Within a year after this transaction Parkhurst returned to the neighborhood of the defendant, without any means, and took up his abode in the old cabin on his donation, saying, with much emphasis, that he had come to stay there. Thenceforth he had led an aimless, doless life, living mainly on raw vegetables, going dirty and ragged, and often sleeping in the fence corners, saying that the devils would not let him sleep in the cabin, until August 18, 1866, when, on the petition of sundry of the neighbors, he was brought before the county judge of Polk county and duly committed to the insane asylum, under the act of September 27, 1862, (Or. Laws, 620), as an indigent, insane person, where he remained until his death, on November 30, 1879, leaving the plaintiffs, his brothers and sisters, or their children, his sole heirs.

When first committed to the asylum, Parkhurst was classed among the "doubtful" patients, but after two years he was placed among the "incurables," where he remained until his death. To the last he was impressed with the idea that some persons in Polk county wanted to kill him; and he also fancied some one was trying to chloroform him.

The evidence as to the value of the donation is very contradictory. But I am satisfied, that at the date of the conveyance to the defendant, it was not worth less than five dollars an acre, and probably more. Mr. B. F. McClench, a disinterested and competent witness, who has lived within four miles of the land since 1852, swears that in 1864 it was worth from six to eight dollars an acre, and from twelve to fifteen dollars at the commencement of this suit.

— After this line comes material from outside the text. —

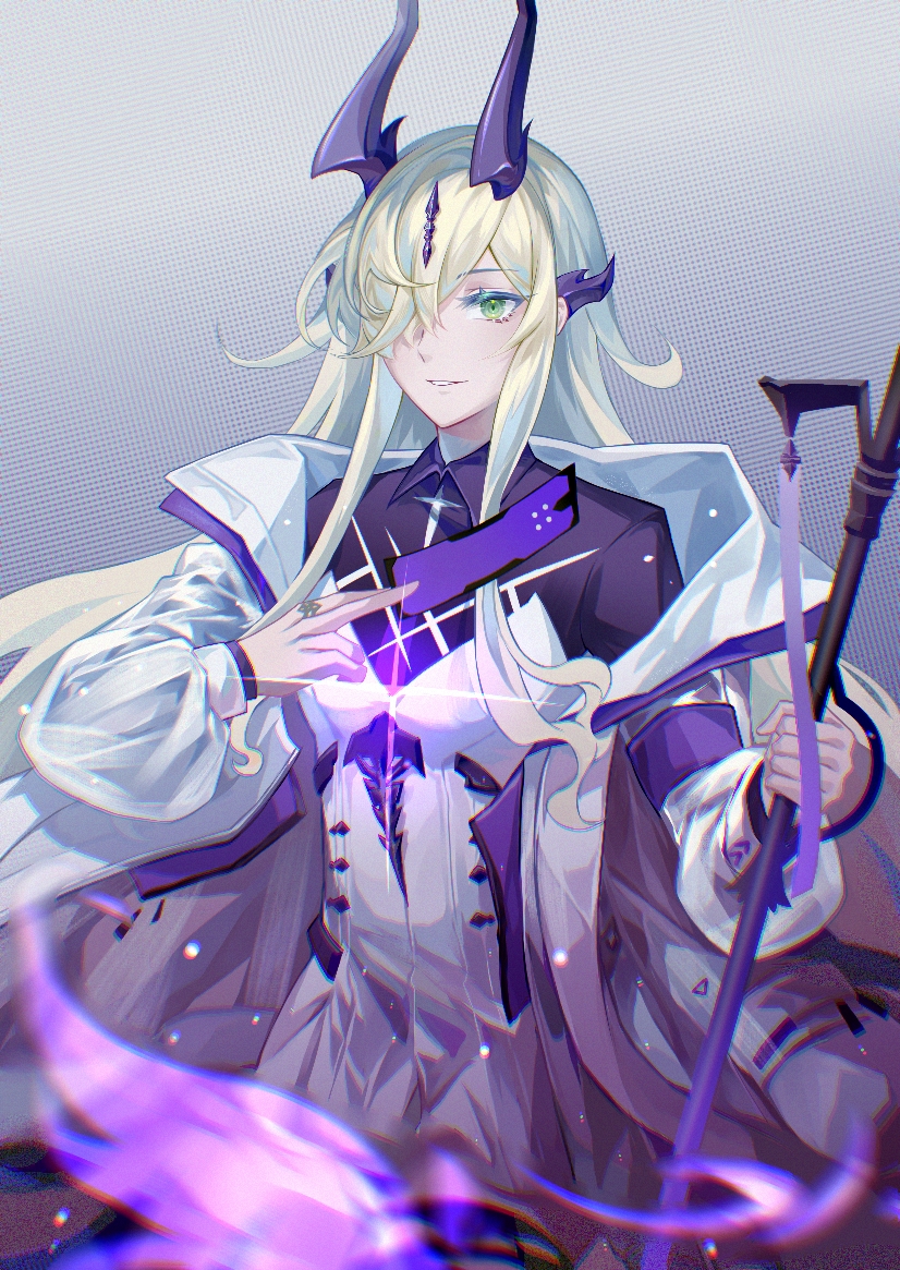 1girl arknights black_horns black_shirt blonde_hair card collared_shirt cowboy_shot dragon_horns dress fire green_eyes hair_over_one_eye holding holding_card holding_staff horns jacket jango_(winecrow) light_in_heart long_hair long_sleeves looking_at_viewer multiple_horns necrass_(arknights) open_clothes open_jacket parted_lips purple_fire shirt smile solo staff white_dress white_jacket wing_collar

But the sale by the defendant Hosford of two-thirds of the land to the defendant Schindler in 1881, for eight dollars and fifty cents an acre, is a material circumstance upon this question of value. It has been suggested in the argument, that Hosford made this sale for less than the land was really worth under the apprehension that the heirs were about to claim it. But there is no direct proof to that effect and nothing in the circumstances gives any countenance to the suggestion. The grantor appears to be a shrewd man, in good circumstances, and no immediate want of money. Neither did the sale exonerate him from liability in the premises, as his deed to Schindler contained a covenant of general warranty, for any breach of which he is well able to respond in damages.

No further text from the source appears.